I’m having a dead-end situation with one of the clients using my software. Out of about 40 copies of our product sold (Application programmed in .NET 2.0 using VB.NET 2005), about 2 get non-responsive with 1 core of the dual core CPUs stuck at 100% (program uses 1 core only)
The most logical guess is an infinite loop causing this behavior, but the are thousands of lines of code with many, many loops. That is all the information I’ve got; now, how do you suggest I approach debugging this problem?
EDIT:
Basically, the software is responsible for calculating amount of credit spent using other devices, such as PCs, etc. It is a Cybercafe management program and fails intermittently i.e. it is subtracting credit when is fails. It does other things in the background too, like checking to see if it is time to create a database backup, among other things.
EDIT:
Solved. It was the most unlikely problem. The Access Database Engine which I used as the DBMS is actually the part of my application that is problematic. It has difficulty working with a row-JUST ONE FRIGGIN ROW-in one of the tables. I can’t delete it, or otherwise add a record related to that row in any other table; Even MS Access 2007 causes the CPU to go up to 100% when I try to work with that row!
A simple “Compact and Repair” command fixed everything. I guess I’ll issue that command every time my application starts up. That would prevent this from happening again.
Thanks to WinDbg I could find where the problem was. I recommend everyone to learn how to use it ’cause it’s a real time saver.
Install windbg (Windows debugger) on the target machine. Invoke the debugger, and attach to the suspicious process, run the program and then wait until problem happens. When the problem happens, invoke the following command in the debugger command line
!runaway
This will show which of your threads are consuming most of the time. Then get several thread stacks from that thread that is consuming most of your cpu resources.
Here is an example:
User Mode Time
Thread Time
0:1074 0 days 0:00:21.637
11:137c 0 days 0:00:02.792
4:12c8 0 days 0:00:00.530
9:1374 0 days 0:00:00.046
15:13d0 0 days 0:00:00.000
14:1204 0 days 0:00:00.000
13:154c 0 days 0:00:00.000
12:144c 0 days 0:00:00.000
10:1378 0 days 0:00:00.000
8:1340 0 days 0:00:00.000
7:12f0 0 days 0:00:00.000
6:12d4 0 days 0:00:00.000
5:12d0 0 days 0:00:00.000
3:12c4 0 days 0:00:00.000
2:12c0 0 days 0:00:00.000
1:12b4 0 days 0:00:00.000
Now assume we want a call stack for the second thread in the list, thread 11, so we first switch to thread 11. This can be done by entering ~11s.
eax=03fbb270 ebx=ffffffff ecx=00000002 edx=00000060 esi=00000000 edi=00000000
eip=77475e74 esp=0572f60c ebp=0572f67c iopl=0 nv up ei pl zr na pe nc
cs=001b ss=0023 ds=0023 es=0023 fs=003b gs=0000 efl=00000246
ntdll!KiFastSystemCallRet:
77475e74 c3 ret
Now get a call stack for this thread by executing kp:
The command kp will print the parameters. Local variables can be printed with dv.

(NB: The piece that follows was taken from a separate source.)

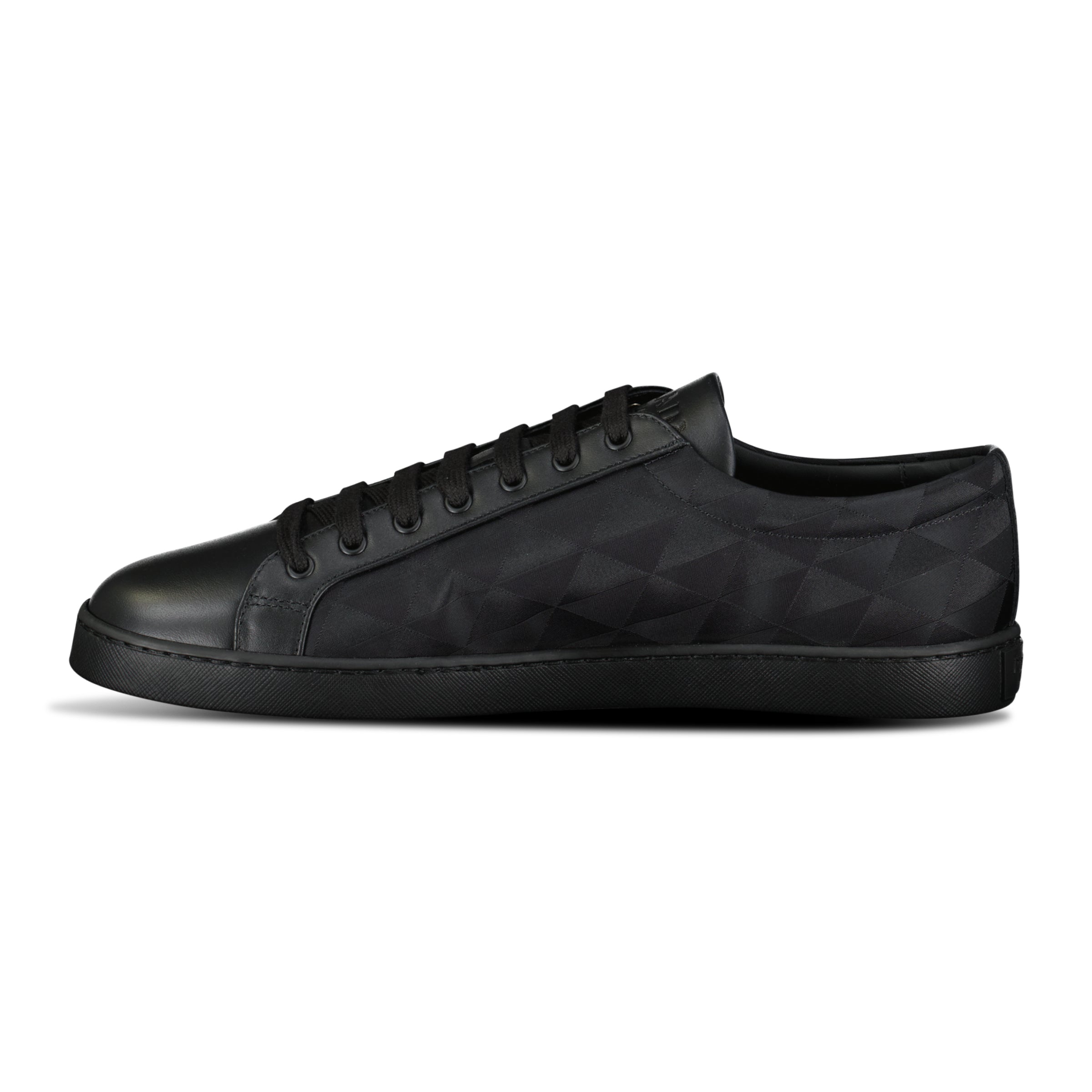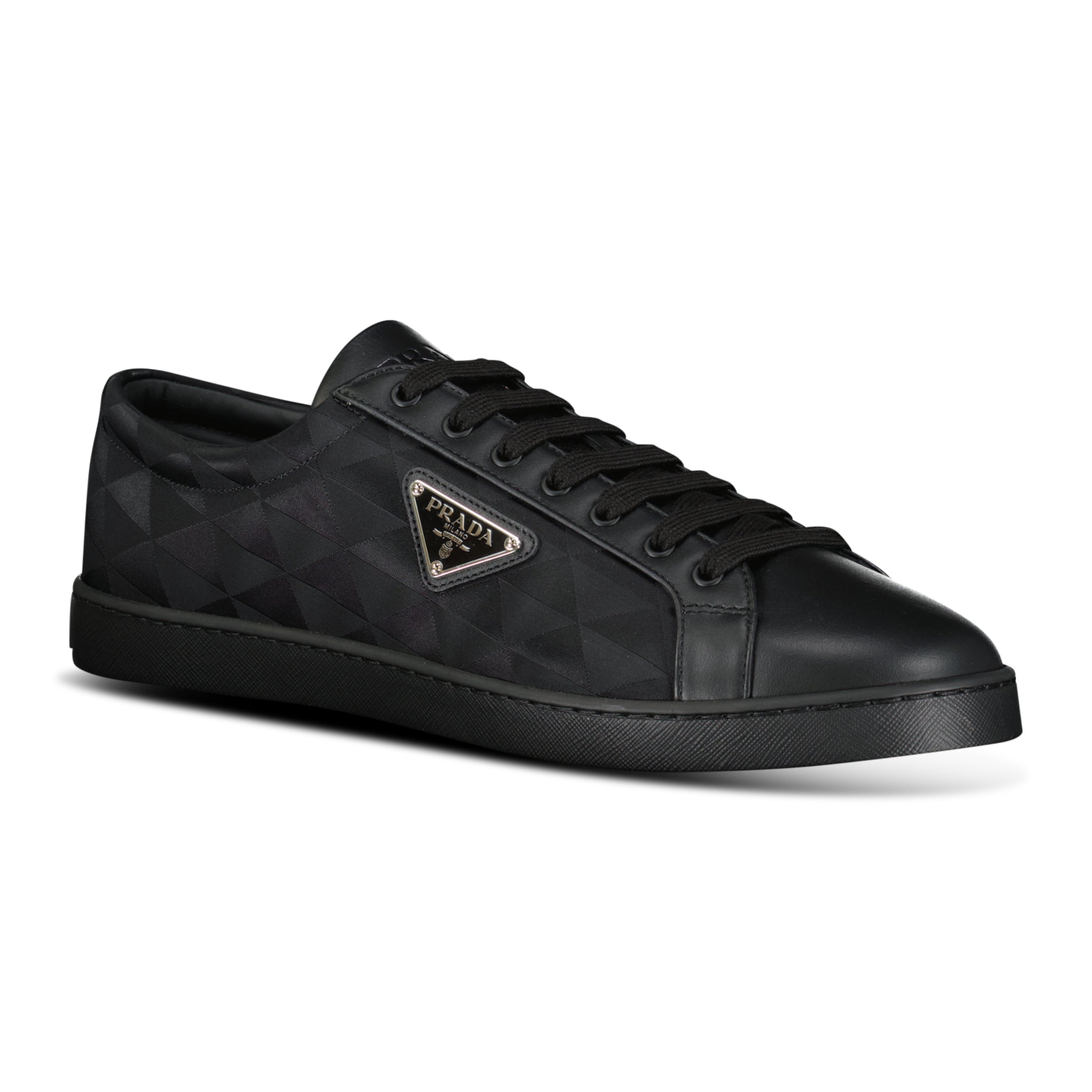 Designed with a sleek low profile silhouette, they feature the iconic Prada enamel triangle logo, cushioned rubber sole, and lace up fastening for all day wear. The versatile black colourway makes them ideal for everyday styling, whether paired with casual denim or elevated streetwear looks.
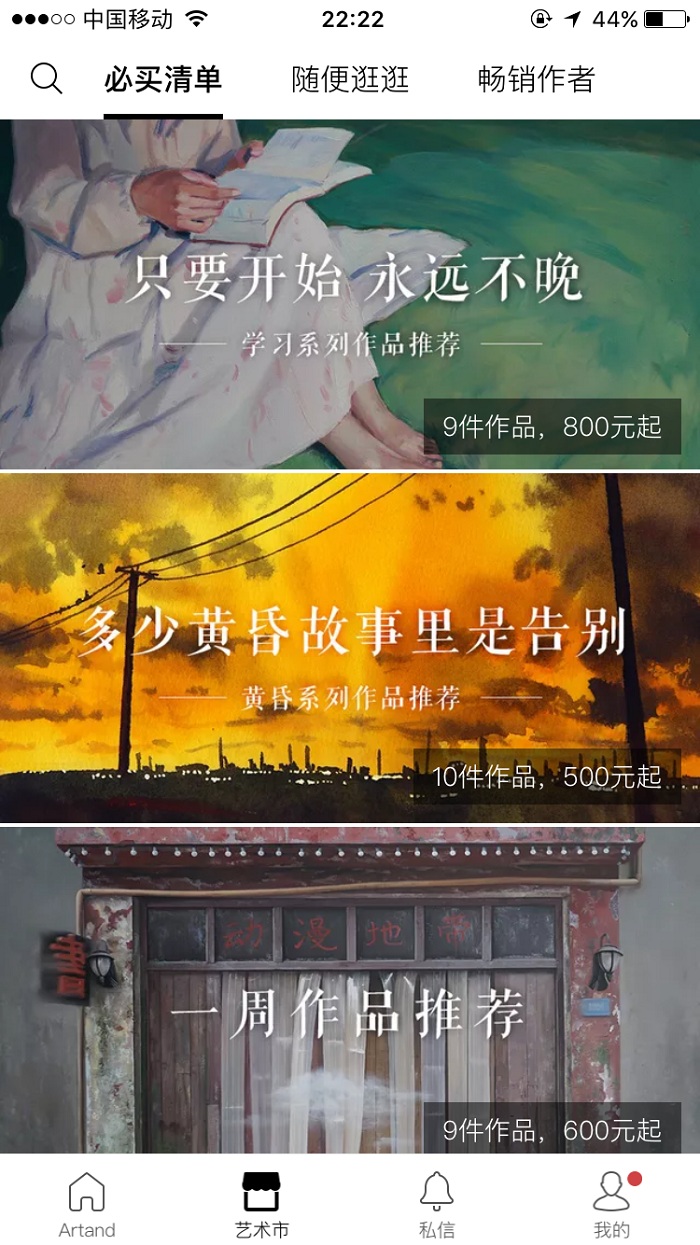 于是胡来尝试将平台上的资源变现,举行了“行走的美术馆”线下展览活动。他们与本地高端酒店、商场合作,为平台上的年轻画家策划市场活动,目的是帮他们卖出去作品。“客单价和复购率都比较高”,线下展览的转化率还不错。但毕竟这种销售模式过重,阿里出身的李小平决定开始做线上平台,尝试用互联网的方式解决问题。

Alternatively you can use process explorer from sysinternals.
If all this is not possible, because it is a remote client machine, install userdump, which creates a dump file that can be sent to you for further analysis. You can create a batch file for the customer to invoke userdump with the correct parameters. Userdump is a tool from Microsoft, which can be downloaded from their web page.